What is expected: Wherever the line with "結合山西省非水電消納責任權重" sits in the listing below, transcribe from it up to and including the line with "Alfredo Bagatin, una", exactly, and leave the remaining lines out.

------ Data for processing ------

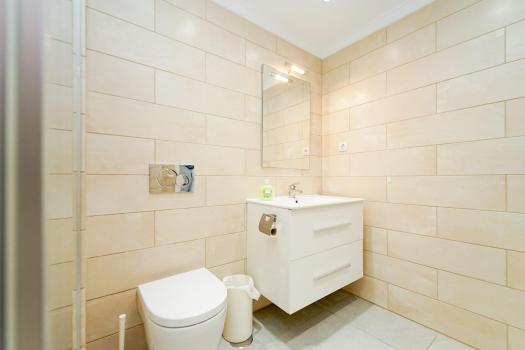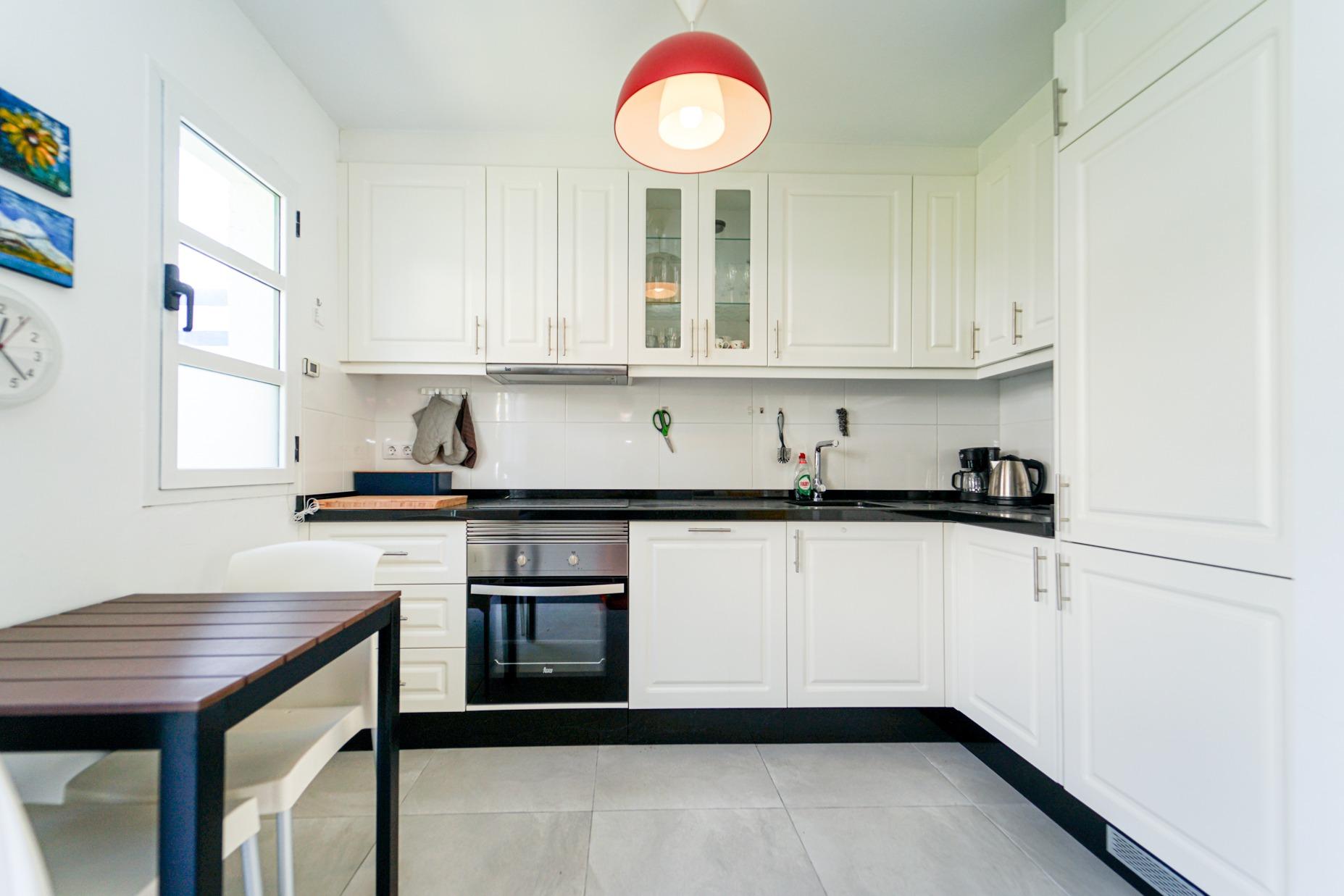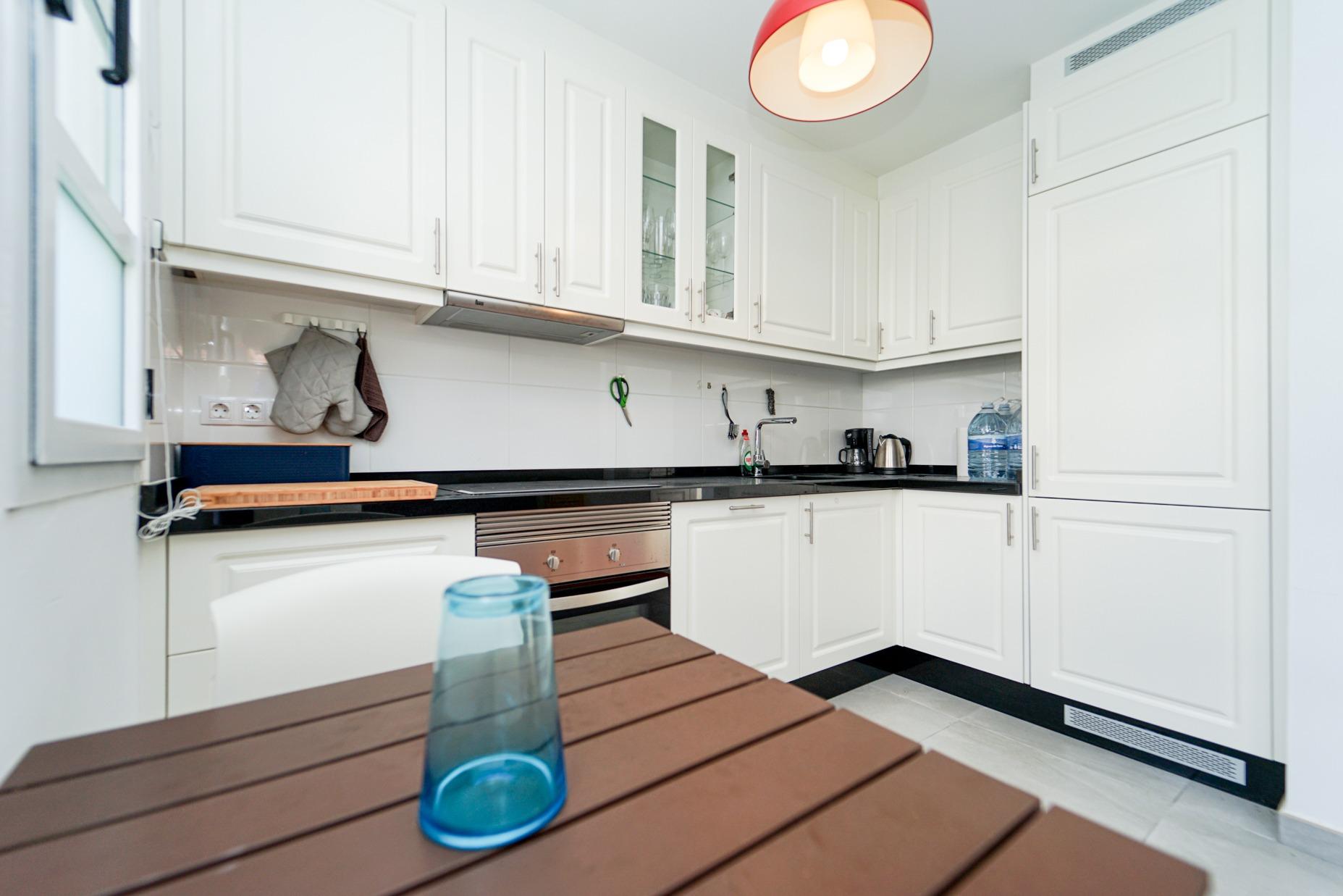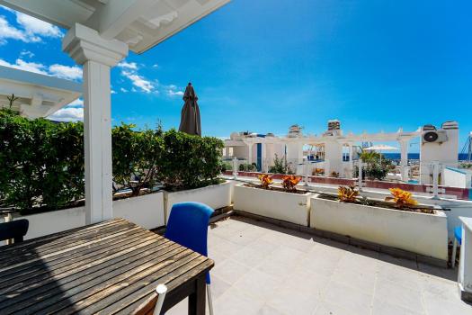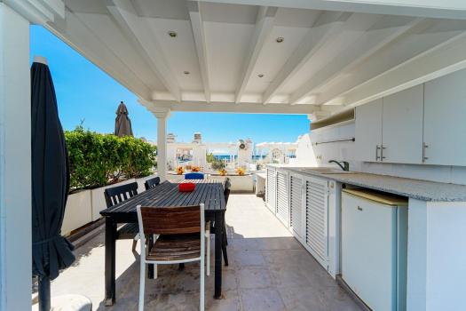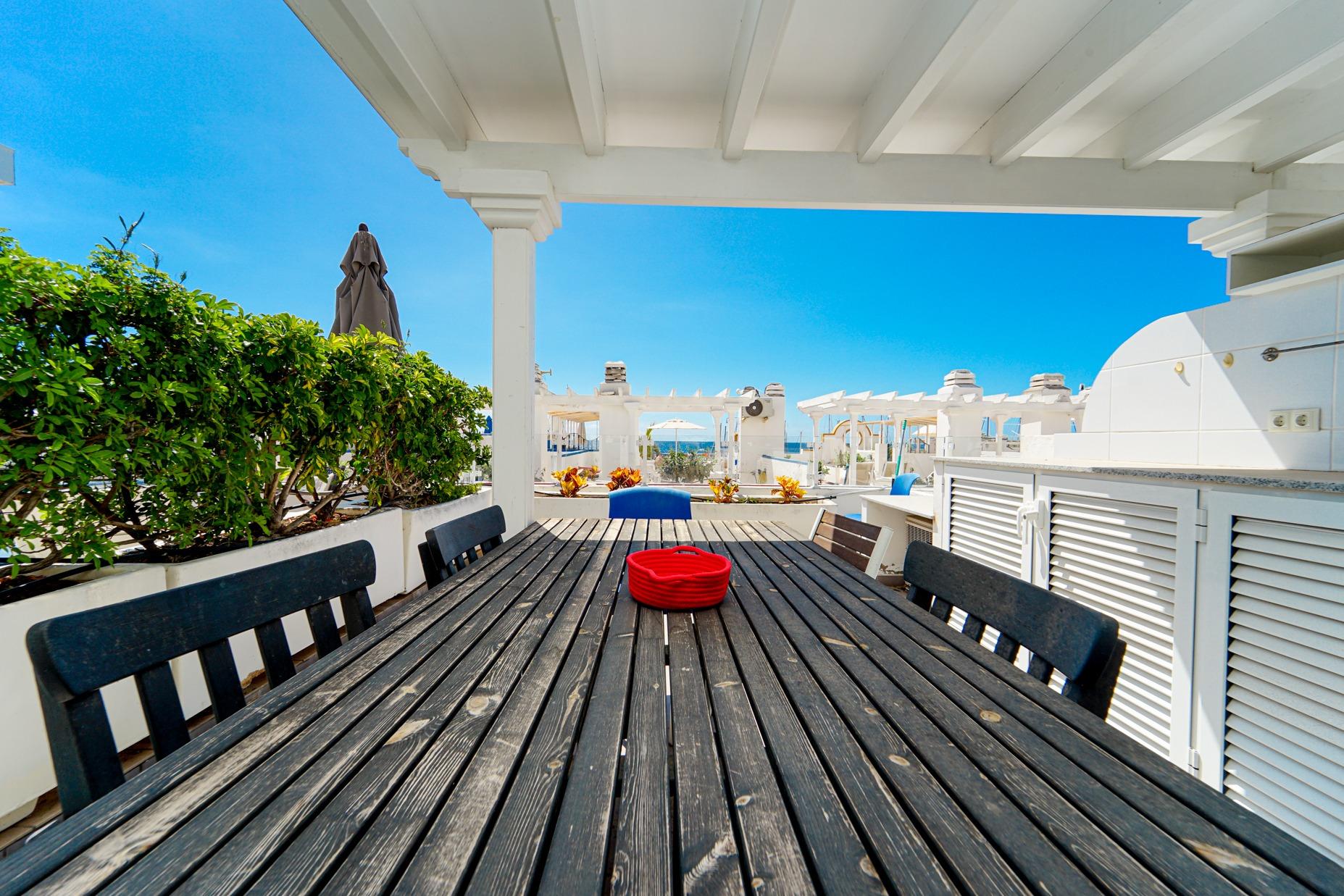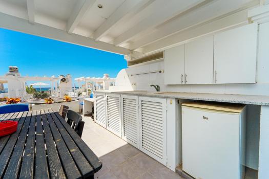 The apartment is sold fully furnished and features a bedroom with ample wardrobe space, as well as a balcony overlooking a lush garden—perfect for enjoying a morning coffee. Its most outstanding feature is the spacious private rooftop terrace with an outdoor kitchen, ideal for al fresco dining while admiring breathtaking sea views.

------
------ Data for processing ------

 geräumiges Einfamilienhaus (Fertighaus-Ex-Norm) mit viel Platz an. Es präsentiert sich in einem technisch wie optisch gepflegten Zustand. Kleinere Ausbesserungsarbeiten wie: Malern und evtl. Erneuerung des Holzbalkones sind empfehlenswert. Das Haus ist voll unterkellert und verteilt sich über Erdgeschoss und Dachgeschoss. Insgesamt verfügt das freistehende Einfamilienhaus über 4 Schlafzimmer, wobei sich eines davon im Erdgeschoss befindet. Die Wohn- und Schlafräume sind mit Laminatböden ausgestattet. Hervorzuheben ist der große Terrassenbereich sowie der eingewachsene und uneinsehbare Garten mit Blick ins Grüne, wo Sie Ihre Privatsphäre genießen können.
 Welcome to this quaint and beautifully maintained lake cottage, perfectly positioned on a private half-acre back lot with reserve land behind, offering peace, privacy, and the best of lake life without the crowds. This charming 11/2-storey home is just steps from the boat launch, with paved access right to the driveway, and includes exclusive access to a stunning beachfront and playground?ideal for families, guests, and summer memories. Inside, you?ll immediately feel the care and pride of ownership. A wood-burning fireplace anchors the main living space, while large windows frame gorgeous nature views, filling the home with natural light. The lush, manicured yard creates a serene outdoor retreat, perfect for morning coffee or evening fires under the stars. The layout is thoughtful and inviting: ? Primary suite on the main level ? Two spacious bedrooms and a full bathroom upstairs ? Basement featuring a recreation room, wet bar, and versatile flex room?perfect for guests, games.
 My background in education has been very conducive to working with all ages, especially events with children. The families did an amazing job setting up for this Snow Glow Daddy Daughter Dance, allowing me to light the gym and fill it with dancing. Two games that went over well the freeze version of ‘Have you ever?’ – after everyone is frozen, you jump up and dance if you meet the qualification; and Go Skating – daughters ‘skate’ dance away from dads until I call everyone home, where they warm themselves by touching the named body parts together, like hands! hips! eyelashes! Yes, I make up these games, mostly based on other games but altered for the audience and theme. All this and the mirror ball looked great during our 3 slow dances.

------
------ Data for processing ------

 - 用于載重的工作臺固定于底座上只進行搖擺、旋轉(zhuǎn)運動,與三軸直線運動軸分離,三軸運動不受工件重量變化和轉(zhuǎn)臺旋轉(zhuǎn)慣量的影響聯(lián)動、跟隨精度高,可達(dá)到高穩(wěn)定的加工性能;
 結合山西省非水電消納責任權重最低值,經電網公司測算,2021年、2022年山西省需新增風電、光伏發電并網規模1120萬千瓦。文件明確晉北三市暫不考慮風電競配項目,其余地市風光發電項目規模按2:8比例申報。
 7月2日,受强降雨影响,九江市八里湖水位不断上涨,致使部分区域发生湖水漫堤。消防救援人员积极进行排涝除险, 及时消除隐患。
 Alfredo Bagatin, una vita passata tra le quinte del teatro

------

Response:
 結合山西省非水電消納責任權重最低值,經電網公司測算,2021年、2022年山西省需新增風電、光伏發電并網規模1120萬千瓦。文件明確晉北三市暫不考慮風電競配項目,其余地市風光發電項目規模按2:8比例申報。
 7月2日,受强降雨影响,九江市八里湖水位不断上涨,致使部分区域发生湖水漫堤。消防救援人员积极进行排涝除险, 及时消除隐患。
 Alfredo Bagatin, una vita passata tra le quinte del teatro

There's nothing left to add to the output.